• THE TASK:
Return every record below exactly as written, but leave out the pictures.

• Data entries:
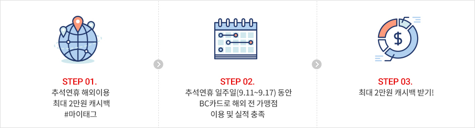 - STEP 02. 추석연휴 일주일(9.11~9.17) 동안 BC카드로 해외 전 가맹점 이용 및 실적 충족
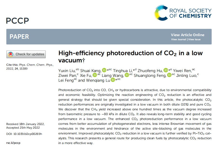 中文標題: 低真空下的(de)高效光催化二氧(yǎng)化碳還原反(fǎn)應
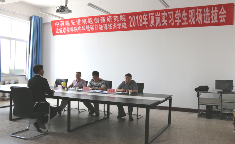 ? ? ? ?2018年6月21日,中國科學院先進核能創(chuàng)新研究院在學院舉行了2018年頂崗實習學生現(xiàn)場選撥會,由中科院先進核能創(chuàng)新研究院綜合管理部常務副主任王納秀、熔鹽機械部熱工組組長王曉和中科武威新能源研究所所長朱智勇組成的專家組對能源類專業(yè)和機械類專業(yè)學生進行了現(xiàn)場面試,遴選出的14名同學將于7月份前往中國科學院先進核能創(chuàng)新研究院進行為期一年的專業(yè)頂崗實習,他們將在中科院先進核能創(chuàng)新研究院專家教授的帶領下,通過一對一指導和崗位輪訓等形式全面系統(tǒng)完成頂崗實習,了解行業(yè)技術需求和技術最新進展,掌握更多的專業(yè)知識和實踐技能,感受頂級科研院所深厚的科技氛圍和文化氛圍,全面提升專業(yè)水平和綜合素養(yǎng),為成功走向社會奠定良好的基礎。
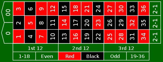 The American roulette wheel has an additional 0 called the 00 (double Zero), usually green.
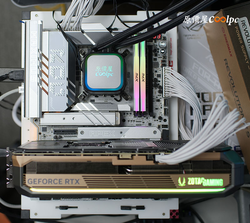 (點圖放大)為了更好的呈現 Intel® Core™ Ultra 200S Plus 系列處理器的能力,顯卡搭配當今地表最強的 ZOTAC GeForce RTX 5090 AMP Extreme INFINITY,其具備流線型的 INFINITY 系列外殼設計,質感與散熱實力皆屬頂尖!散熱部分則由微星 MAG CORELIQUID A13 360 水冷扛起重任,獨特的冷頭設計不僅視覺搶眼,更能確保處理器在 100% 負載下依然穩定。你說這冷頭怎那麼特別有原價屋 logo?因為他是支援 3D 列印客製化的可替換設計!(點我看開箱)
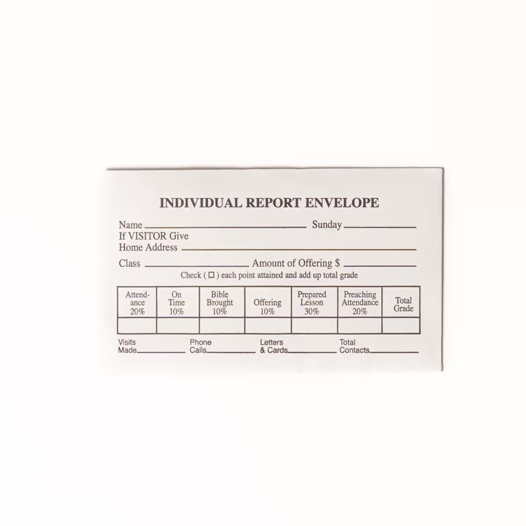 The Individual Report Envelopes: Form 15 are smaller (No. 3 size) than bill-size. Each envelope has space for offering given and 6-point record reporting. Opens at top - Gummed flap "Kwik Open" feature 4 1/4" x 2 1/8 " Shrink-wrapped in packages of 100.
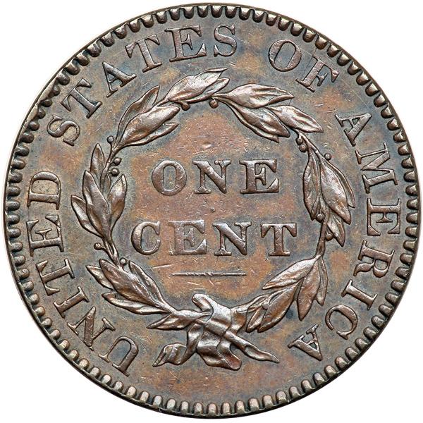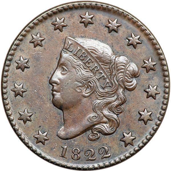 1822 N-9 R5- EF40. EF-40. Glossy steel brown and chocolate, the obverse delicately mottled with some darker steel brown tones. Traces of frosty mint luster show in protected areas. A tiny rim nick in the hair over ER and a thin, very light nick under the junction of C & E in CENT. EDS. The die cracks on the reverse are identical to those found on the latest state of the preceding N-8 marriage. The die crack through the top of TES is very faint and crumbling shows in the dentils over ST. The fields are smooth and slightly reflective on both sides thanks to a fresh die lapping prior to this marriage of two previously used dies (obverse for N-10, reverse for N-8). Tied for second finest known honors behind a marginally better example. DWH #2192.
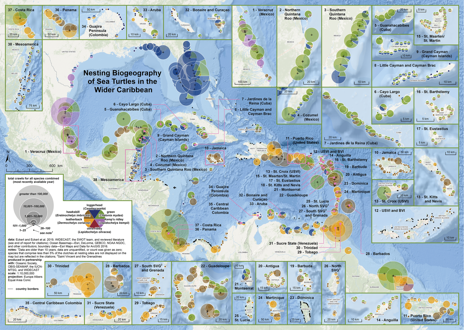 Mapa: Biogeografía de Anidación de Tortugas Marinas en el Caribe
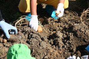 「これがブニョブニョのお芋だよ」 「ぜんぜんちがうね~」見た目も感触もホントに違う作物みたいです
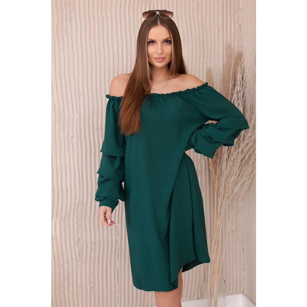 Španělské šaty s ozdobnými rukávy tmavě zelené

• WRITTEN ANSWER:
 - STEP 02. 추석연휴 일주일(9.11~9.17) 동안 BC카드로 해외 전 가맹점 이용 및 실적 충족
 中文標題: 低真空下的(de)高效光催化二氧(yǎng)化碳還原反(fǎn)應
 ? ? ? ?2018年6月21日,中國科學院先進核能創(chuàng)新研究院在學院舉行了2018年頂崗實習學生現(xiàn)場選撥會,由中科院先進核能創(chuàng)新研究院綜合管理部常務副主任王納秀、熔鹽機械部熱工組組長王曉和中科武威新能源研究所所長朱智勇組成的專家組對能源類專業(yè)和機械類專業(yè)學生進行了現(xiàn)場面試,遴選出的14名同學將于7月份前往中國科學院先進核能創(chuàng)新研究院進行為期一年的專業(yè)頂崗實習,他們將在中科院先進核能創(chuàng)新研究院專家教授的帶領下,通過一對一指導和崗位輪訓等形式全面系統(tǒng)完成頂崗實習,了解行業(yè)技術需求和技術最新進展,掌握更多的專業(yè)知識和實踐技能,感受頂級科研院所深厚的科技氛圍和文化氛圍,全面提升專業(yè)水平和綜合素養(yǎng),為成功走向社會奠定良好的基礎。
 The American roulette wheel has an additional 0 called the 00 (double Zero), usually green.
 (點圖放大)為了更好的呈現 Intel® Core™ Ultra 200S Plus 系列處理器的能力,顯卡搭配當今地表最強的 ZOTAC GeForce RTX 5090 AMP Extreme INFINITY,其具備流線型的 INFINITY 系列外殼設計,質感與散熱實力皆屬頂尖!散熱部分則由微星 MAG CORELIQUID A13 360 水冷扛起重任,獨特的冷頭設計不僅視覺搶眼,更能確保處理器在 100% 負載下依然穩定。你說這冷頭怎那麼特別有原價屋 logo?因為他是支援 3D 列印客製化的可替換設計!(點我看開箱)
 The Individual Report Envelopes: Form 15 are smaller (No. 3 size) than bill-size. Each envelope has space for offering given and 6-point record reporting. Opens at top - Gummed flap "Kwik Open" feature 4 1/4" x 2 1/8 " Shrink-wrapped in packages of 100.
 1822 N-9 R5- EF40. EF-40. Glossy steel brown and chocolate, the obverse delicately mottled with some darker steel brown tones. Traces of frosty mint luster show in protected areas. A tiny rim nick in the hair over ER and a thin, very light nick under the junction of C & E in CENT. EDS. The die cracks on the reverse are identical to those found on the latest state of the preceding N-8 marriage. The die crack through the top of TES is very faint and crumbling shows in the dentils over ST. The fields are smooth and slightly reflective on both sides thanks to a fresh die lapping prior to this marriage of two previously used dies (obverse for N-10, reverse for N-8). Tied for second finest known honors behind a marginally better example. DWH #2192.
 Mapa: Biogeografía de Anidación de Tortugas Marinas en el Caribe
 「これがブニョブニョのお芋だよ」 「ぜんぜんちがうね~」見た目も感触もホントに違う作物みたいです
 Španělské šaty s ozdobnými rukávy tmavě zelené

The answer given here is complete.